"How much do you know?" she inquired, in a hoarse voice.
"I know," said the old man, "that you left an unworthy husband and a happy child, to follow a stranger to a strange land."
"But you did not know," said Ada, still veiling her face, "you did not know how cruelly, how dreadfully I was treated; how I was left days and weeks together in hotels and boarding houses, without money, without friends, exposed to all sorts of temptation. You cannot know all the circumstances that combined to drive me mad. Still do not say I abandoned the child. Did I not send her to you? Did I not give her up when she was dear as the pulses of my own heart, rather than cast the stain of my example upon her? Oh, father, was this nothing?"
"We took the child, and strove to forget the mother," said the old man sadly.
"But could not—oh, you could not! This thought was the one anchor which kept me from utter shipwreck, you could not curse an only child—wicked, erring, cruel though she was!"
"No, we did not curse her—we had no power to forget."
"I came back—Jacob Strong will bear me witness—I lost no time in searching for you at the homestead. Strangers were there. Had we met then—had I found the old place as it was—you, my mother, my daughter there—how different all this might have been!"

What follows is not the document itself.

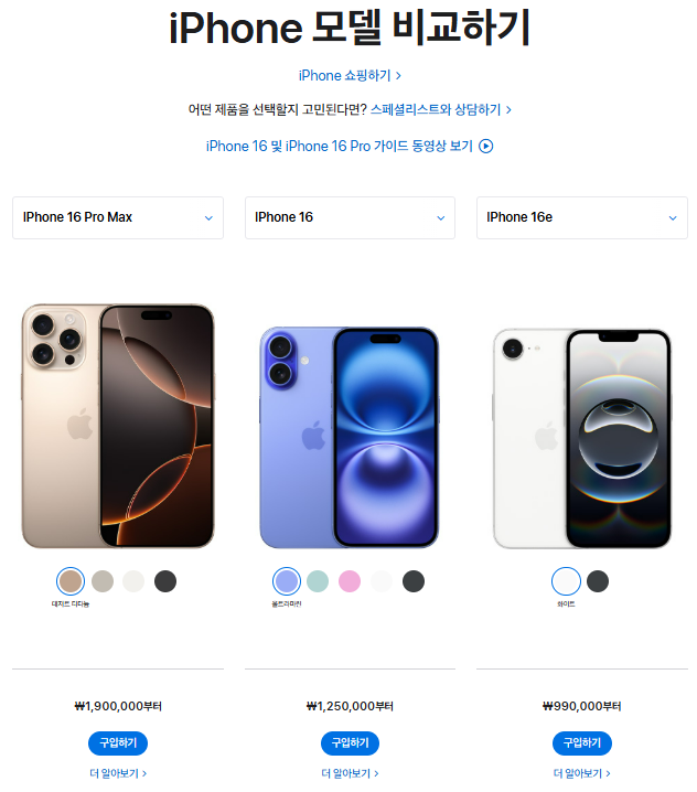 현재로서는 삼성에서 최근 공개한 갤럭시 시리즈의 가격대 보다 저렴한 가격입니다. 애플 아이폰 홈페이지를 검색해서 접속했을 때, 처음 보여지는 휴대폰 소개가 아이폰 16e로 가장 저렴한 가격대의 아이폰을 소비자들에게 보여줌으로써, 현재 나와있는 삼성 스마트폰 가격대 보다 약간 저렴하다는 인상을 줄 수 있는 것 같습니다.
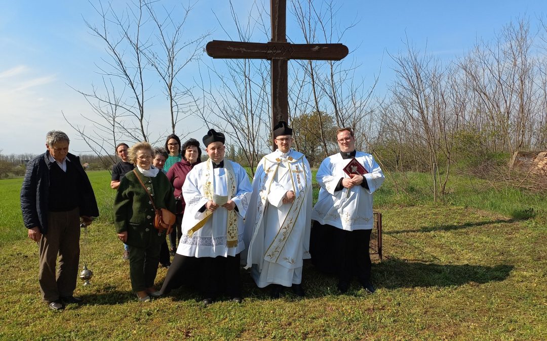 A kisbéri határban László Atya vezetésével Ádám és Richárd papnövendékek közreműködésével könyörögtünk a jó termésért.

"God disposes all things," muttered the prisoner. "We left our home when disgrace fell upon us. We who had been sinfully proud of you, Ada, went forth burdened by your shame to hide ourselves among strangers; we could not look our old neighbors in the face, and so left them and gave up the name our child had disgraced."
"Father—father, spare me—I am wretched—I am punished—spare me, spare me!"
"Ada," said the old man solemnly, "do you heartily repent and forsake your sin?"